Du big-bag aux bidons de produits phytos, une grande partie des déchets produits au sein d’une ferme se recyclent. Réunissant des organismes agricoles, des distributeurs de l’agrofourniture et des industriels, Adivalor simplifie et mutualise le recyclage. S’affichant « sans but lucratif », cette société privée permet à tout exploitant de les déposer gratuitement (une éco-contribution est payée lors de l’achat des produits par l’exploitant) chez 1300 opérateurs, dont 90 % sont des coopératives et négociants.

En 2018, 77 000 t de plastique et emballages usagés ont été recueillis. La liste des points de collecte est publiée sur adivalor.fr. Cette dernière se charge de la logistique vers les centres. Une attestation de remise des déchets, justifiant de leur élimination dans une filière agréée, est délivrée à l’exploitant. Elle peut être requise en cas de contrôle. La conditionnalité Pac oblige l’élimination régulière des emballages vides de produits phytosanitaires et des PPNU (produits phytosanitaires non utilisables). Pour éviter qu’ils soient refusés, plusieurs consignes de tri communiquées par Adivalor sont à respecter.

Les produits d’hygiène

Les emballages vides des produits d’hygiène utilisés en élevage laitier doivent être rincés, égouttés et conditionnés - bouchons à part - dans des sacs de 500 l fournis par Adivalor aux sites de collecte qui sont en charge de leur distribution.

Les produits phyto

Il est recommandé de rincer trois fois avec un tiers d’eau les bidons en plastique de moins de 25 l. Le liquide de rinçage sera directement versé dans la cuve du pulvérisateur. Une fois égouttés, les bidons de produits phytosanitaires seront placés dans les sacs de 500 l. Les bouchons seront stockés à part.

Les fûts en plastique ou en métal de 30 à 300 l seront refermés et nettoyés de l’extérieur. Le fond du fût sera versé dans le pulvérisateur.

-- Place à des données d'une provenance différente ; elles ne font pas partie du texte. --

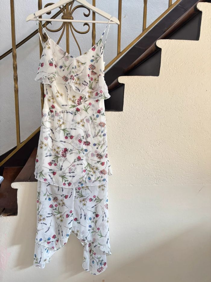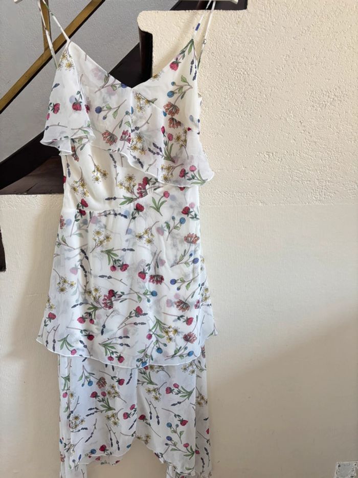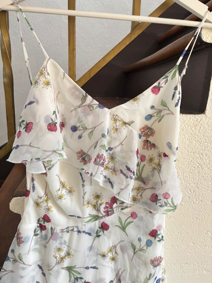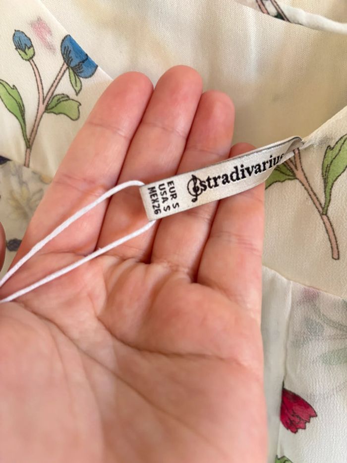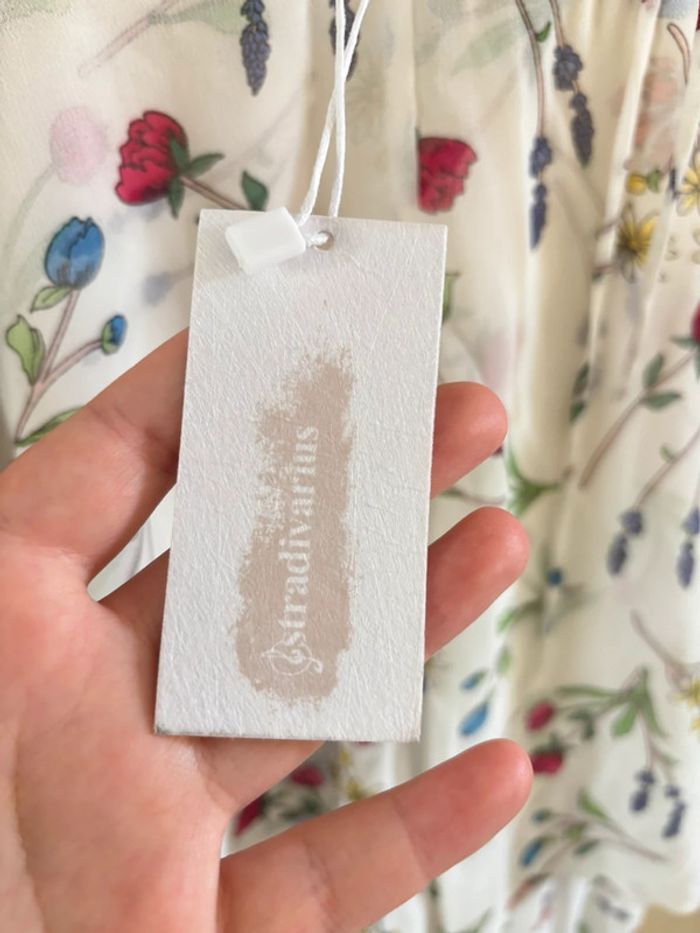 #robe #longuerobe #neuve #stradivarius #robevolant Lange jurk met ruches, gekleurde bloemen op een witte achtergrond. Ideaal voor evenementen, feestjes, bruiloften of verjaardagen. Luchtig en licht. Nieuw met label, perfect als cadeau.
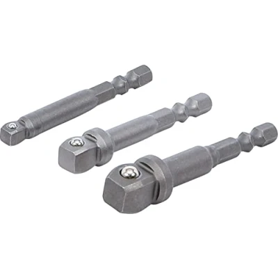 made of chrome vanadium steel adaptor, length 65 mm drive outer square with retaining ball 6.3 mm (1/4") adaptor, length 65 mm drive outer square with retaining ball 10 mm (3/8") adaptor, length 72 mm drive outer square with retaining ball 12.5 mm (1/2"), Weight: 0.220462262 Pounds, Manufacturer: BGS

Les sacs et boîtes en carton, papier ou plastique feront l’objet d’un tri à part des bidons de moins de 25 l.

Les big-bags et sacs

Une fois vidés dans l’épandeur d’engrais et les éventuelles agrafes métalliques enlevées, les big-bags et sacs d’engrais sont à plier, empiler et ficeler en fagots (par dix pour les big-bags et cinquante pour les sacs).

Les ficelles et filets

Les ficelles et filets doivent être stockés chacun de leur côté. Une fois secoués et débarrassés d’un maximum de paille ou de foin, ils seront rangés en bobine avant d’être déposés dans des sacs jaunes de 250 l, fournis par votre distributeur.

Les films d’élevage

Les bâches d’ensilage seront les plus propres possible. Il est conseillé de les dérouler entièrement et de les balayer pour retirer les corps étrangers (pierre, morceaux de bois) et le maximum d’ensilage, de terre et de sable. Ils peuvent ensuite être pliés et ficelées.

Les films d’enrubannage seront secoués pour retirer les restes de fourrage. Ils seront mis en boule ou stockés­ dans des sacs jaunes de 250 l.

Alexis Marcotte

Témoin
« Quatre collectes dans le département » Rubin, chargé de mission en économie circulaire à la chambre d’agriculture des Pays de la Loire

« Dans le Maine-et-Loire, quatre collectes sont organisées par an. Deux concernent les emballages vides, bidons, big-bags et sacs. Deux autres recueillent les films, ficelles et filets. Même si le taux peut toujours être amélioré, les chiffres nationaux de la filière (1) montrent que la profession agricole est exemplaire en la matière, par rapport au traitement des déchets ménagers notamment. L’autre enjeu pour demain sera de réduire au maximum la consommation de plastique. »

(1) Le taux de collecte variait de 30 à 87 % en 2018 en fonction du type de déchet, selon Adivalor. Le taux de collecte global est de 70 %. Près de 90 % des plastiques récoltés sont recyclés.